Giunta l’estate, Luciana dell’Angelica, mantenne la promessa fatta all’amica D’Arsi, e si recò nell’Isola Azzurra.

Quivi, un pomeriggio, Luciana, stando supina sull’arenile di Villa D’Arsi, col capo appoggiato al tronco di un’acacia odorosa, rileggeva l’ultimo volume delle sue liriche, ancora fresco di tipografia, sentendosi parte del tutto, parte della natura stessa.

Silenzio di membra e cose stanche tutt’intorno. Lontano, sul mare, qualche barca abbandonata all’accidia delle onde.        

Un lieve accappatoio copriva appena le sue nudità audaci.

L’acre profumo delle alghe e la salsedine dell’aria a poco a poco la narcotizzavano.

Ella si assopì.

                                                  ***

Il sole naufragava lontano nel suo epilogo diurno e la sera stendeva lentamente il morbido, mesto velo.

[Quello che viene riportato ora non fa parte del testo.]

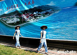 九月遼寧丹東街頭,兩位漁民裝束的女子走過“大鹿島--東方夏威夷”的巨幅掛圖。遼寧省丹東市最大的島嶼大鹿島不僅是該地區(qū)最大的活貝出口集散地,其長灘、細沙、緩坡等自然條件和甲午海戰(zhàn)等歷史遺跡形成避暑觀光的旅游勝地,當(dāng)?shù)卣畵?jù)此優(yōu)越條件大力招商引資準(zhǔn)備進行大鹿島的整體開發(fā)。中新社記者:王麗南

Un’ondata di calore si spandeva alla radice dei capelli e le scorreva dal collo al seno, sgusciato dall’accappatoio nell’abbandono del sonno.

Appena svegliata, non osava voltarsi, non sapeva e non voleva sottrarsi a quella morsa impalpabile, che pure l’irretiva in maglie tenacissime.

Tra panico e delizia, la sensazione di stordimento che la rendeva immobile.

Poi, come piegata da una potenza misteriosa, volse la testauava a  di lato a guardare: inginocchiato nella sabbia, a due passi da lei, le mani a terra e il dorso inarcato e fermo sulle braccia, il collo teso, due occhi bramosi, quasi di rapina, un giovane la osservava attentamente. Un volto giovanissimo, diabolicamente bello e pauroso, quasi un fanciullo, continuava a guardarla con insistenza.

Affascinato e fascinoso, squassato dalla violenza dell’istinto, acceso dalla visione improvvisa di una polpa mai addentata, fremeva accanto a lei, nelle implacabili volute di una formidabile forza, inconscia e predace.

Luciana allungò la mano tremula sul capo del maschio, come se volesse carezzarlo o respingerlo.

Si rotolarono nella sabbia ancora tiepida, sul filo d’acqua della battigia.

                                                     ***

Rimasta sola, Luciana raccattò il suo volume di liriche, ancora odorante di tipografia: lo guardò, rigirandolo fra le mani. Poi, con un gesto semplice e quasi solenne, lo lanciò fra le onde.